= Learning Tools Interoperability =

Education technology specification by IMS Global Learning Consortium

Learning Tools Interoperability (LTI) is a standard developed by 1EdTech formerly known as IMS Global Learning Consortium at the time of creation. It enables seamless integration between learning systems and external systems. In its current version, v1.3, this is done using OAuth2, OpenID Connect, and JSON Web Tokens. For example, a Learning Management System (LMS) may use LTI to host course content and tools provided by external or third-party systems on a website without requiring a learner to log in separately on the external systems. The LTI will also share learner information and the learning context shared by the LMS with the external systems.

==History==
Like its predecessor SCORM, LTI was instigated by the United States Department of Defense.

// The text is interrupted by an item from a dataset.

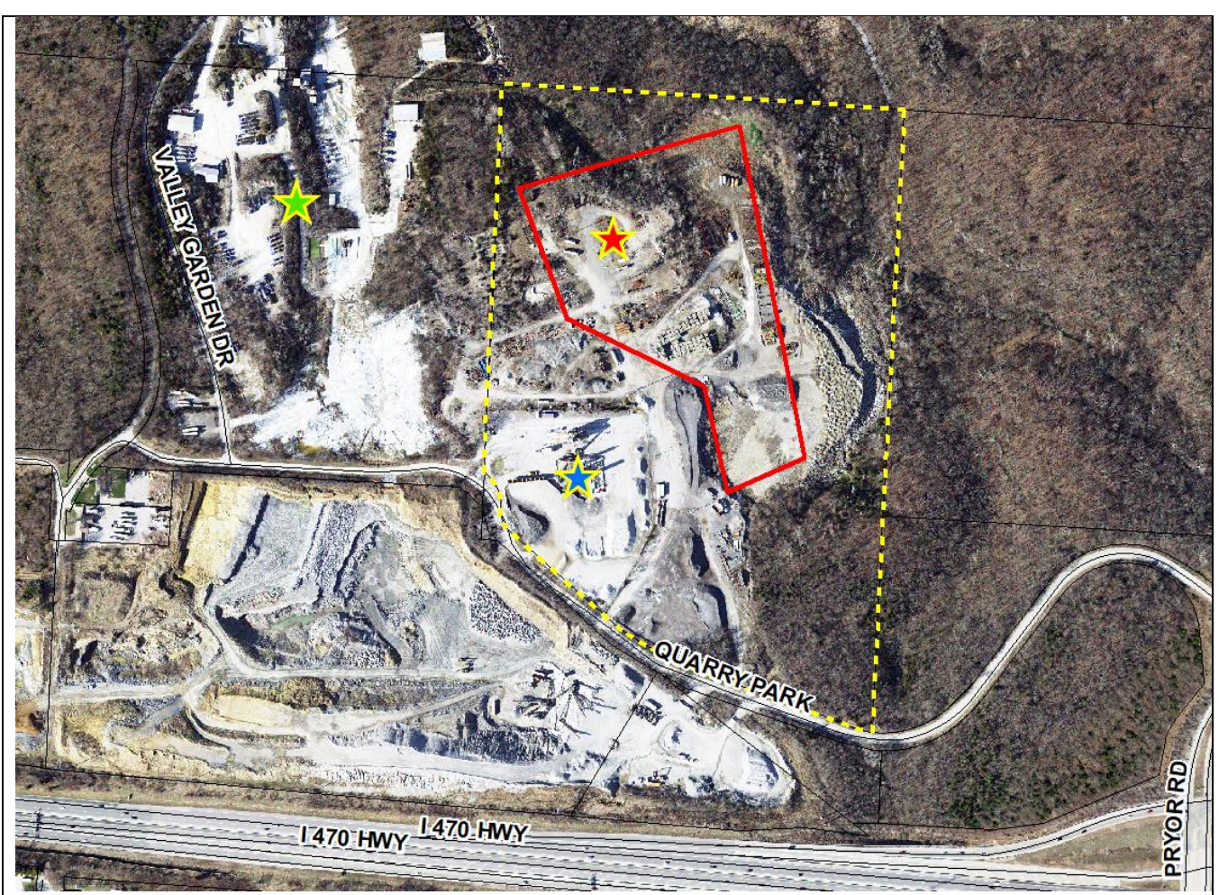
Figure 1 – View of the proposed 15-acre concrete batch plant lease area (outlined in red) and proposed concrete batch plant location (red star). Also depicted are the 53-acre parent parcel (dashed in yellow); the existing asphalt plant location (blue star); and the existing ready-mix concrete batch plant location on the abutting property to the west (green star).

- Learning Tools Interoperability, formerly called Basic LTI, was originated in 2008 as a Google Summer of Code project. It was developed by Jordi Piguillem under the mentorship of Charles Severance and Marc Alier.
- In June 2010, Learning Tools Interoperability version 1.0 was finalized.
- In August 2012, Learning Tools Interoperability version 1.1 introduced a feature allowing external tools to send grade results back to the originating learning system.
- In January 2014, Learning Tools Interoperability version 2.0 was launched, introducing REST-based two-way communication between external tools and the learning platform. Simultaneously, a subset of version 2.0 was released as version 1.2, as a transitional update from version 1.1 to version 2.0.
- Due to their complexity, adoption of Learning Tools Interoperability version 1.2 and version 2.0 was slow. Consequently, IMS Global learning consortium reclassified them to as “legacy specifications”, advising against upgrading from Learning Tools Interoperability version 1.1 due to security concerns.
- In May 2019, the IMS Security Framework and Learning Tools Interoperability version 1.3 were published based on OAuth2, OpenID Connect, and JWT. Learning Tools Interoperability version 1.0, version 1.1, version 1.2 and version 2.0 were all deprecated.

==Adoption==
LTI has been adopted by many large educational content providers, including Pearson and McGraw Hill.

Popular Learning Management Systems, such as D2L Brightspace, Instructure Canvas, Blackboard, BenchPrep, LAMS, OpenLearning, Sakai, Moodle, Totara, iTeach, EduWave K-12, IMC-Scheer, DynDevice LMS and Open edX also support LTI.